Monday, November 10, 2008

The advantage of being tall

It is well known that tall people have more success on the labor market, see for example T. Paul Schultz. The big question is whether this is due to discimination, say, because tall people are considered more beautiful, or because being tall is a signal of other positive characteristics. Schultz, for example, has highlighted that being tall is a sign of health.

The articles of Anne Case and Christina Paxson in the Journal of Political Economy and the American Economic Review detail how tall people have actually more cognitive abilities. It is not because the air is better higher up, it has to do, they demonstrate, with the fact that children that are taller at age 3, before school had any influence, already show better cognitive skills. Jere Behrman and Mark Rosenzweig also demonstrated that higher birth weights lead to better school attainment. This just reinforces the point that James Heckman has been pushing so hard, that schooling and labor market outcomes are to a large extend determined even before children are going to school.

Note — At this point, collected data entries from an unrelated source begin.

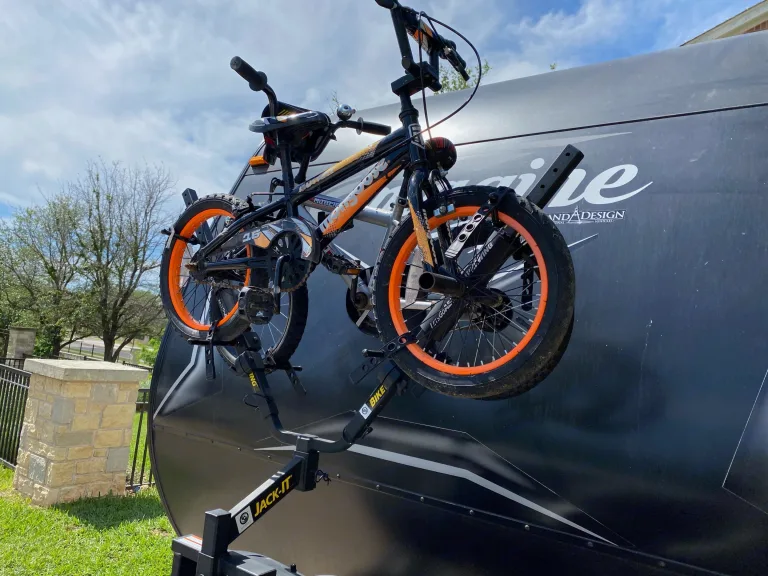 Yes, this unit has a back rack on the front that can carry two bikes while traveling. We can also include a lock to keep them safe.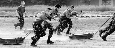 在兰州军区特种大队综合训练场,气温高达36℃,但中巴“兄弟连”官兵的训练热情依然高涨。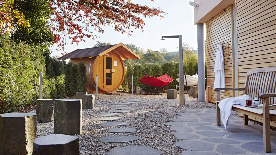 Nach einer Runde auf dem anspruchsvollen, von alten Bäumen, Steh- und Fließgewässern umgebenen, leicht hügeligen Golfplatz wartet das Babor Wiesensee Spa mit Innenpool, Saunen – auch einer Außensauna – und auf Golfer abgestimmte Behandlungen.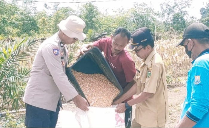 Bhabinkamtibmas Polsek Rimbo Ilir, Aiptu Dadan Juanda, S.Sos, bersama petani dan perangkat desa membantu memipil serta mengemas hasil panen jagung di Desa Giriwinangun, Kecamatan Rimbo Ilir, Kabupaten Tebo, sebagai bentuk dukungan terhadap program ketahanan pangan nasional. Foto: Amir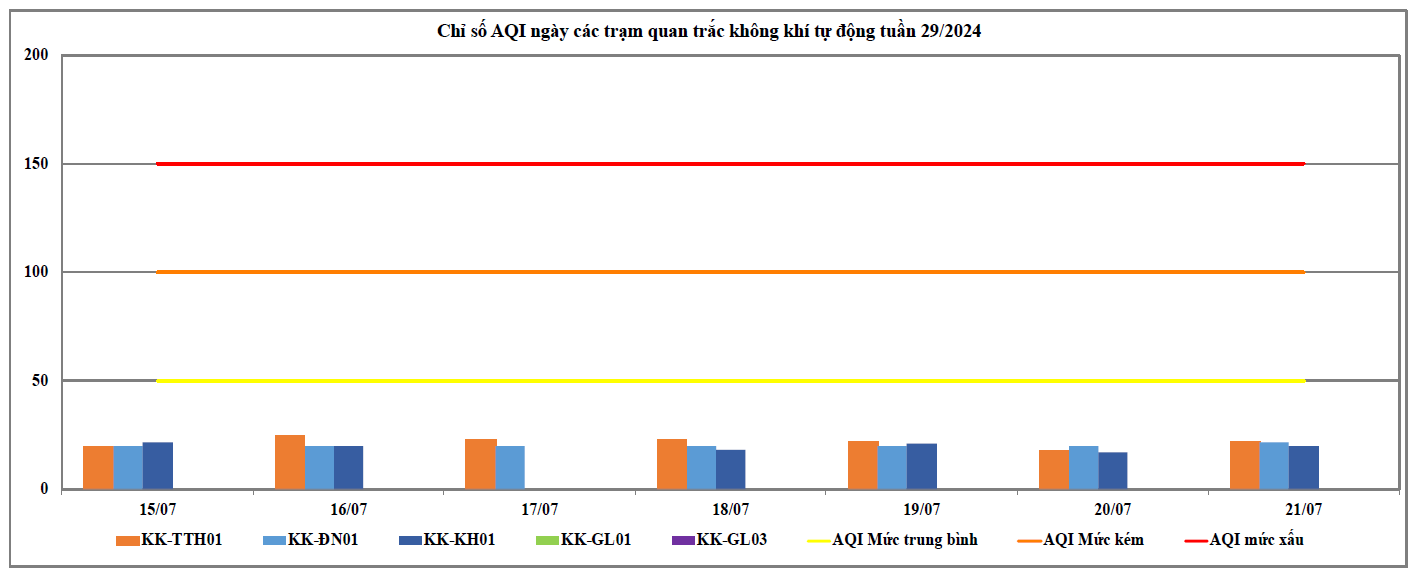 Theo kết quả tính toán chỉ số VN_AQI tuần 29 (từ ngày 15/7/2024 đến ngày 21/7/2024), các Trạm quan trắc thuộc khu vực miền Trung và Tây Nguyên có chất lượng không khí xung quanh dao động ở mức tốt. Kết quả cụ thể tại các trạm quan trắc: Trạm 83 Hùng Vương - Thừa Thiên Huế (KK-TTH01) và Trạm 41 Lê Duẩn - Đà Nẵng (KK-ĐN01) có chất lượng môi trường không khí dao động ở mức tốt, cụ thể: Từ ngày 15/07 đến ngày 21/07 ghi nhận mức tốt (VN_AQI: 0 - 50) chiếm tỉ lệ 100%, Trạm Vĩnh Hoà - Khánh Hoà (KK-KH01) có chất lượng môi trường không khí dao động ở mức tốt, cụ thể: Từ ngày 15/07, 16/07, ngày 18/07 đến ngày 21/07 ghi nhận mức tốt (VN_AQI: 0 - 50) chiếm tỉ lệ 100%.. Chỉ số VN_AQI ngày tại một số Trạm khu vực miền Trung và Tây Nguyên chi tiết thể hiện tại Bảng 1.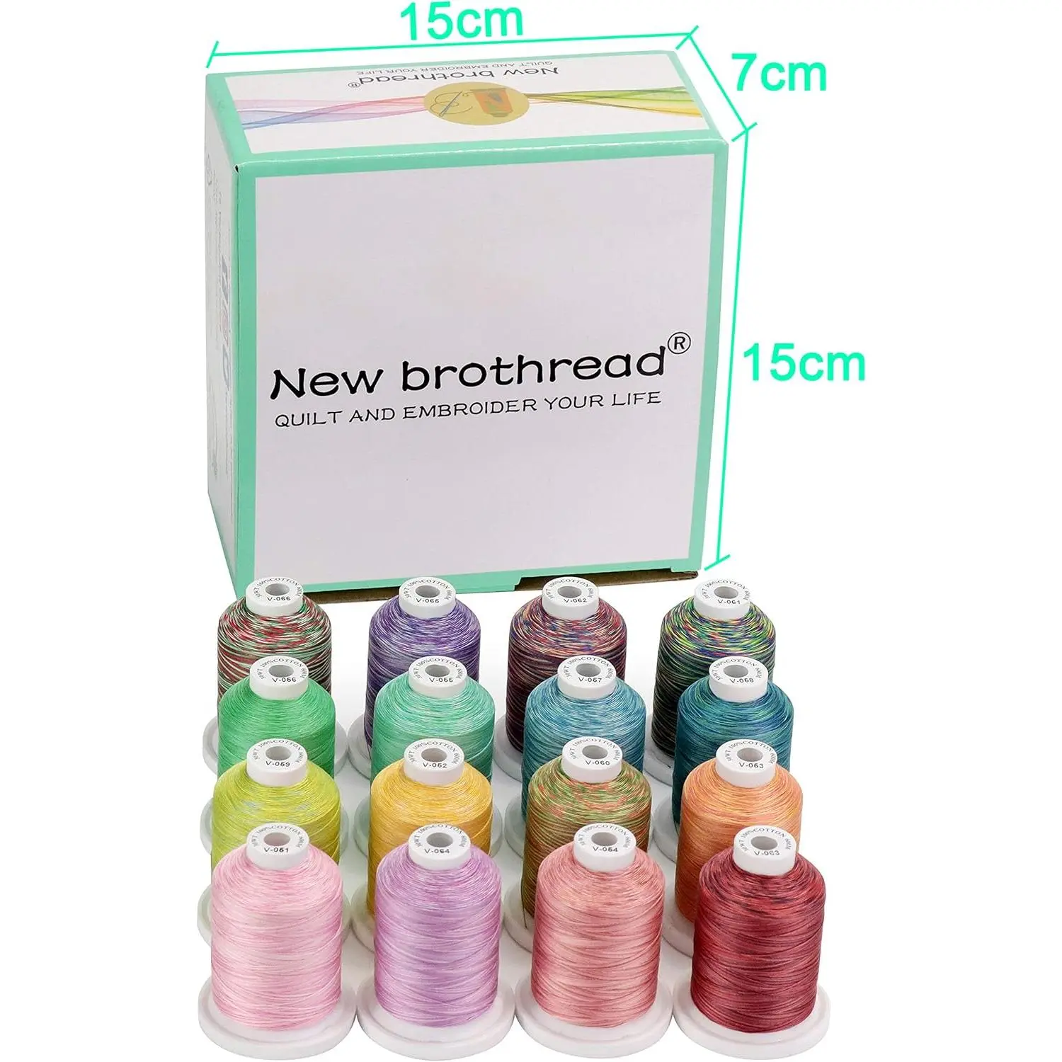 ★100% Mercerized and Variegated cotton thread:made from high quality, Extra-long staple cotton which is stronger than normal cottonproduced under special gassing and mercerizing process, giving thread less lint, smoother surface, greater luster and matt look.★Multi-purpose: 600M(660Y) each spool.Single-Ply yarn is 50 weight, and our cotton thread is 3-Ply twisted bonded ( the actual weight is 30WT = Tex 33 for three plies) can be widely used for quilting, serger, piecing, machine sewing, hand sewing, heavy machine embroidery and light hand embroidery etc.★Ideal Choice For Natural Fabrics: Our mercerized and variegated cotton thread is especially suitable for natural fabric like cotton and linen fabrics.Since it has almost same washing shrinkage rate as natural fabric, it can avoid causing pucker after washing because of the different shrinkage between fabrics and threads.★Spool with Locking Base Resists Thread Tangling: Our new generation snapping spool has a locking base, which is designed for keeping your thread tails from unwinding.If your regular sewing machines haven’t horizontal spool feed and you want to use our good snapping spool, you need a upright thread stand to help leading thread from snapping spools to your machines.★★★Tips for better using New brothread mercerized cotton thread: 1), our mercerized cotton thread is thicker than normal 40WT sewing or embroidery thread, we recommend use needles with large eye (≥80/12) to prevent stripping.2), the cotton threads do not stretch a great deal like polyester or nylon threads, please slow down the stitching speed when you have breaking problem.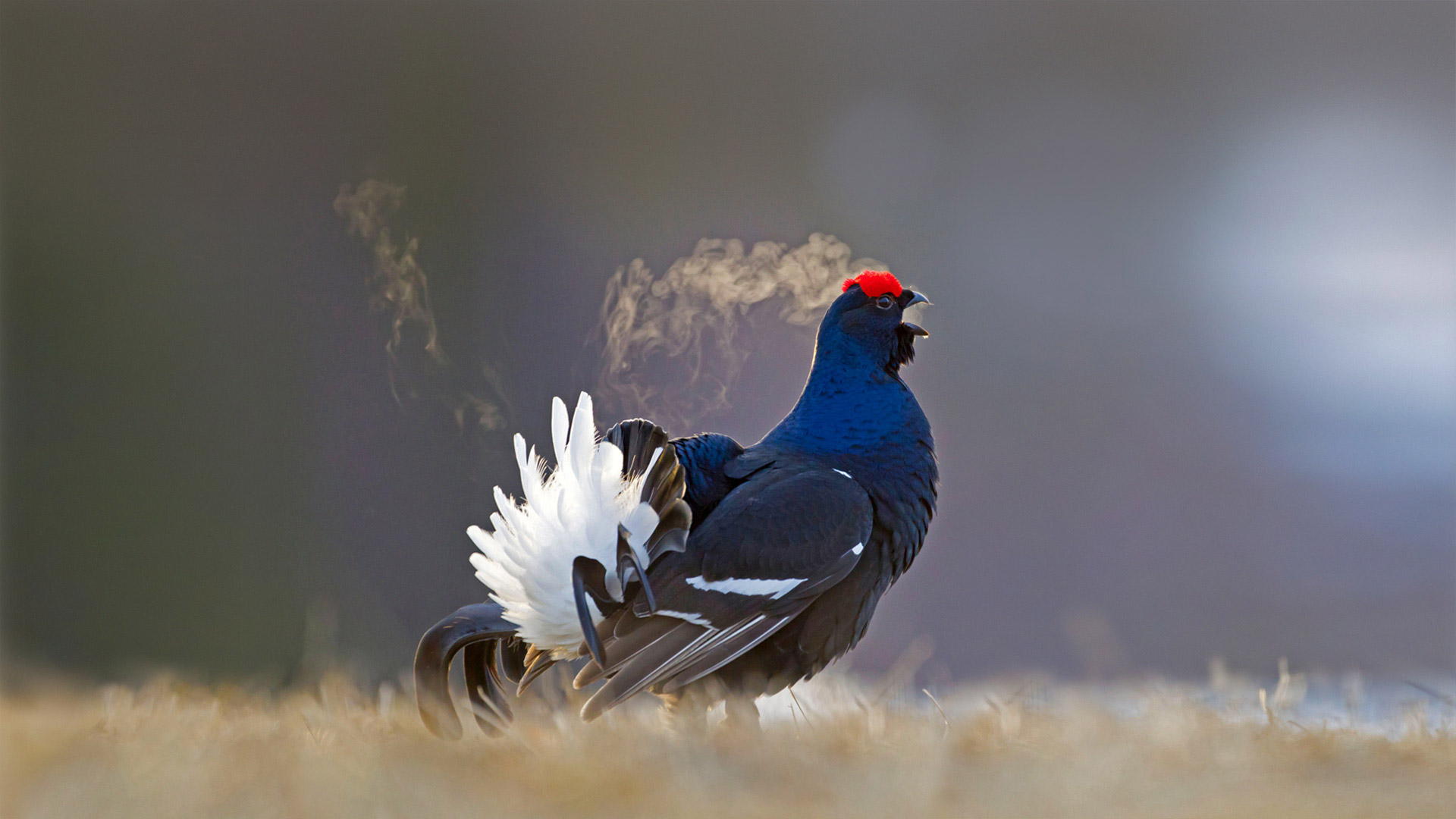 Black grouse male calling at a lek site in Kuusamo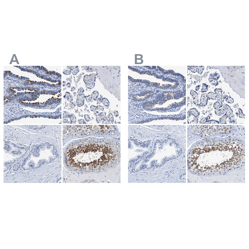 Immunohistochemistry analysis in human testis and prostate tissues using HPA021649 antibody. Corresponding DNAI1 RNA-seq data are presented for the same tissues.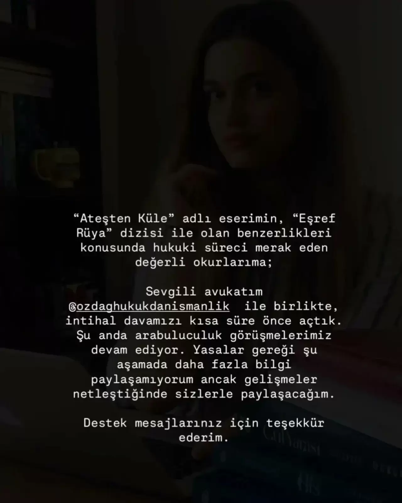 Sevgili avukatım Aybüke Özdağ Yılmaz ile birlikte, intihal davamızı kısa süre önce açtık. Şu anda arabuluculuk görüşmelerimiz devam ediyor. Yasalar gereği şu aşamada daha fazla bilgi paylaşamıyorum ancak gelişmeler netleştiğinde sizlerle paylaşacağım. Destek mesajlarınız için teşekkür ederim. “ ifadelerini kullandı.
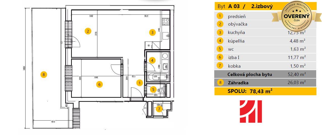 | Celková rozloha | 78.43 m² |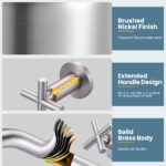 Wall-mounted design frees up more space for use and makes cleaning the basin more convenient. The clean and smooth lines of the design can be perfectly matched with your installation environment, equipped with a splash-proof water Aerator, soft water flow, no splashing, but also can save water, very environmentally friendly. Double cross handle can be easily used to control the temperature and water flow. Solid brass construction and ceramic cartridge provide even better performance.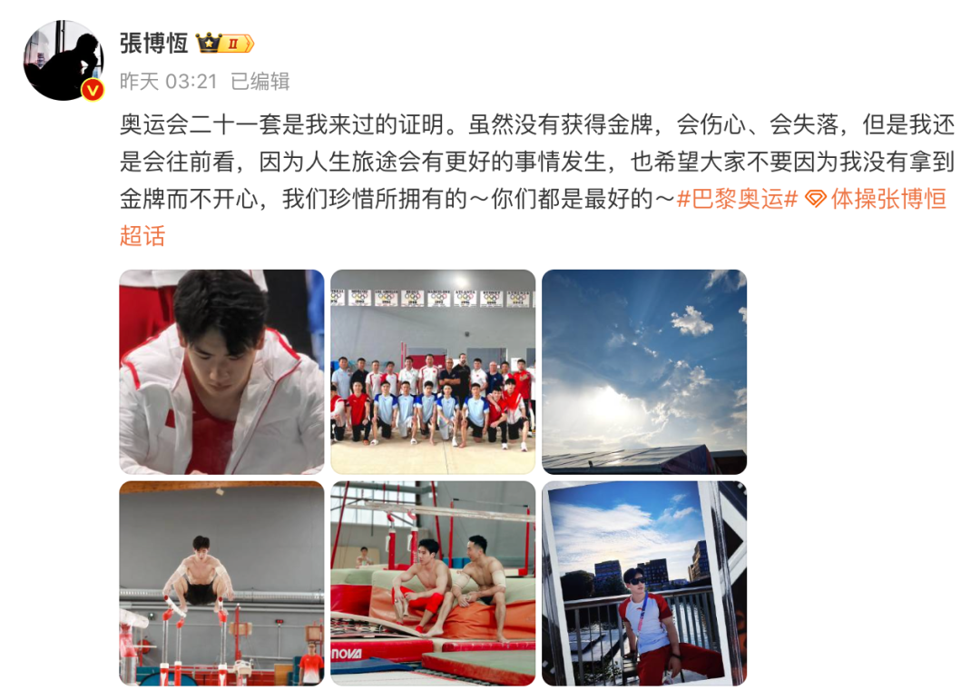 6日凌晨,张博恒发文告别巴黎奥运会:“奥运会二十一套是我来过的证明,虽然没有获得金牌,会伤心、会失落,但是我还是会往前看,因为人生旅途会有更好的事情发生。”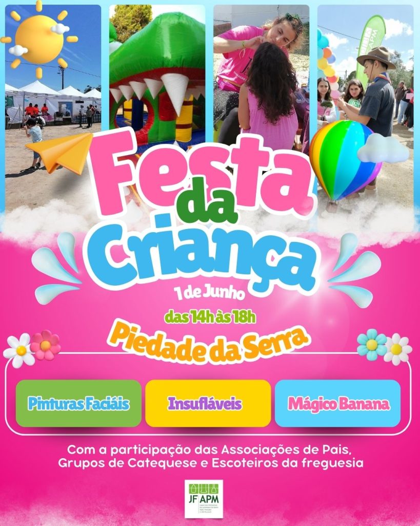 A União das Freguesias de Almargem do Bispo, Montelavar e Pêro Pinheiro promove no domingo, 1 de junho, das 14h00 às 18h00, mais uma “Festa da Criança”, na localidade da Piedade da Serra.

In economies where nutrition is more important for developmental issues, Carl-Johan Dalgaard and Holger Strulik show with an intriguing biologically micro-founded model that tall people have distinct labor market advantages: They have higher wages and are less unemployed. It is, however, not clear whether this can translate to an economy with little food security issues.

What prompted me to write about this? Reading about tall people being upset at so-called discrimination in some airlines. Indeed, some of the latter are charging a fee for the priviledge of sitting in the front row or on an exit row where the legroom is larger. Tall people view this as a tax against them. In fact, one should tax them, as shown by Tomer Blumkin, Yoram Margalioth and Efraim Sadka, and as such tax does not exist, they should count themselves lucky. And by the way, if tall people need those seats so badly, why would they not pay for them? And if they are more expensive, they are less likely to be taken by short people.